Fanny's Writings

Fanny’s writing demonstrates not only literacy but also talent. Her son George remarked,

Mother amazed us all. Within three or four years of her arrival in Canada, she was writing a series of articles for The Grain Growers’ Guide called ‘Mother’s Hens.’ These were chatty little stories on how to set hens and perform the many other little farm chores that were a woman’s lot on the prairie farm. With her reputation as a poultry authority well-established, she took to a wider field, that of public speaking. She gave the leading address to the Women’s Section of the Grain Growers’ Convention at Moose Jaw. The Free Press Weekly reported this talk with the heading: ‘Hens should cackle all winter, says pioneer poultry raiser of Saskatchewan.’ (Shepherd, 46)

 

Fanny wrote a regular column called "Mother's Hens" for the Grain Growers’ Guide (GGG), a journal published from 1908-1928 for the Prairie Grain Growers’ associations, along with several short stories that were published in the Guide, the Nor’-west Farmer, and the regional, British temperance magazine, Onward

In Fanny's writing, we see the ordinariness and everydayness as borne out generically through her 1) how-to literature, 2) short fiction, 3) political pieces, and 4) letters to her son, Geoff, when he was a soldier abroad. Raising chickens and explaining her methods in a beguiling and matter-of-fact way, Fanny's writing reveals the innovative ways women harnessed the soft power of the literary in popular journals and magazines. These writings are entertaining and instructional and evidently written by women for women. 

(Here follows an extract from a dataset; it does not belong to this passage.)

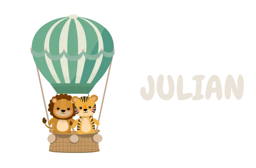 Schöner Kulturbeutel mit Löwe und Tiger im Heißluftballon und Namen

We are interested in how far this might be a new form being developed by early twentieth-century women writers, the hybrid/non-fiction "how-to" literature, e.g. Mother's Hens, often appearing in little magazines. Other examples are Mary Burrill's "They That Sit in Darkness" (1919) and Marie Stopes's play Vectia (1923). 

With regard to Fanny’s writings, we are interested in the wider literary networks in which they can be situated due to their investment in articulating women’s experiences of everyday life. When viewed in this way, Fanny becomes part of a vast network that takes in writers from the pioneer writers Laura Ingalls Wilder and Willa Cather to the Iowan modernist Susan Glaspell and New England’s Mary Wilkins Freeman; from ‘classic’ Modernists Virginia Woolf and Katherine Mansfield to Southern women writers Flannery O’Connor and Alice Walker; and many more, all linked by their explorations of how far the written word could convey the qualities of everydayness without the need to make them exceptional.  This literary context of the project is framed by recent scholarship by Rita Felski, Toril Moi, and others.